Skip City focusing on up-and-coming talent
Films will compete for a new award and a cash prizeTOKYO -- The Skip City International D-Cinema Festival is expanding and shifting its focus to nurturing new young talent, festival director Yuji Takizawa said.
The festival -- which was the world's first to show exclusively digital productions on 4K projectors -- has added two extra days this year as submissions topped 1,000 films for the first time.
The 26 digital films screening in competition will vie for ¥12 million ($124,000) in cash prizes and a new Skip City Award, which will give a new domestic director access to the state-of-the-art on-site production facilities in Kawaguchi, north of Tokyo.
"The new award is something we can only do at Skip City," Takizawa said, "we don't have the tourist appeal of other locations, but the film festival is held around the site of a digital movie production facility."
In line with the festival's increasing emphasis on upcoming talent, entries for the Grand Prize are all by directors with three or fewer features to their name.
The Grand Prize jury will be headed by Mataichiro Yamamoto, producer of Takashi Miike's "Crows Zero" -- the first time someone from the domestic industry has taken the role.
Since the festival began in 2004, the profile of digital filmmaking has grown exponentially, which is both a boon and a challenge to the festival.

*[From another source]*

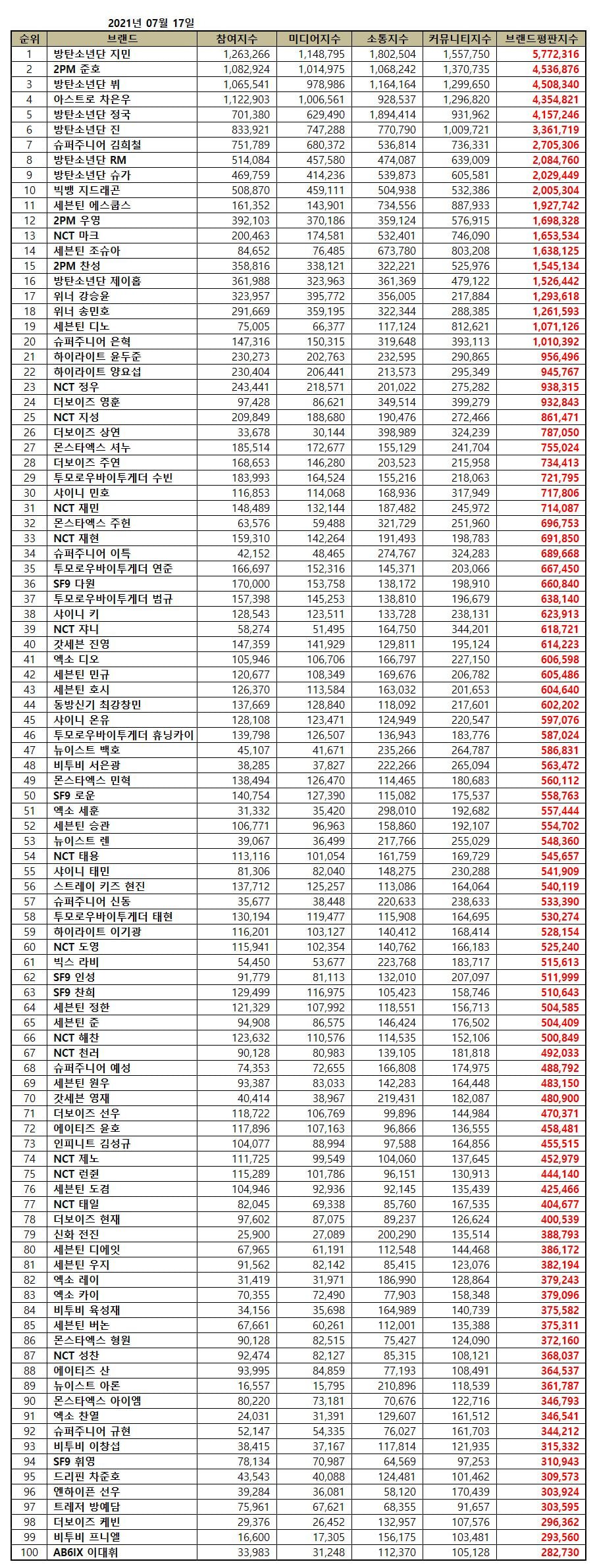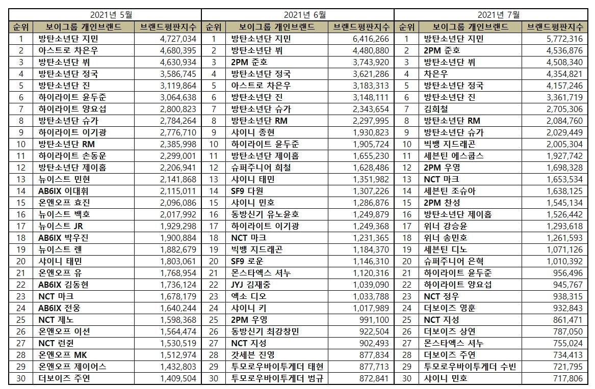 2021년 7월 보이그룹 개인 브랜드평판 30위 순위는 방탄소년단 지민, 2PM 준호, 방탄소년단 뷔, 아스트로 차은우, 방탄소년단 정국, 방탄소년단 진, 슈퍼주니어 김희철, 방탄소년단 RM, 방탄소년단 슈가, 빅뱅 지드래곤, 세븐틴 에스쿱스, 2PM 우영, NCT 마크, 세븐틴 조슈아, 2PM 찬성, 방탄소년단 제이홉, 위너 강승윤, 위너 송민호, 세븐틴 디노, 슈퍼주니어 은혁, 하이라이트 윤두준, 하이라이트 양요섭, NCT 정우, 더보이즈 영훈, NCT 지성, 더보이즈 상연, 몬스타엑스 셔누, 더보이즈 주연, 투모로우바이투게더 수빈, 샤이니 민호, NCT 재민 순으로 분석되었다.

"When we first launched Skip City IDCF in 2004, I went around Cannes handing out invitations myself to our party on a boat I'd borrowed from Sony (festival sponsor)," explains Takizawa. "People asked me what d-cinema was, some thought it meant D-grade films -- much worse than B-films."
However, with digital productions becoming the norm, Takizawa concedes that side of Skip City IDCF's uniqueness has diminished. "We are concentrating more on developing young talent, especially domestic directors, that's why we've expanded those sections of the festival."
July 12 will feature a D-Contents market, allowing young filmmakers the chance to showcase their productions to industry executives.
IDCF will hold its first 3D screening this year with Belgian animation "Fly Me to the Moon" in digital 4K.
The festival opens on July 10 with the 4K projection of Akira Kurosawa's classic "Rashomon," digitally remastered in cooperation with the Academy of Motion Picture Arts and Sciences. It wraps July 20.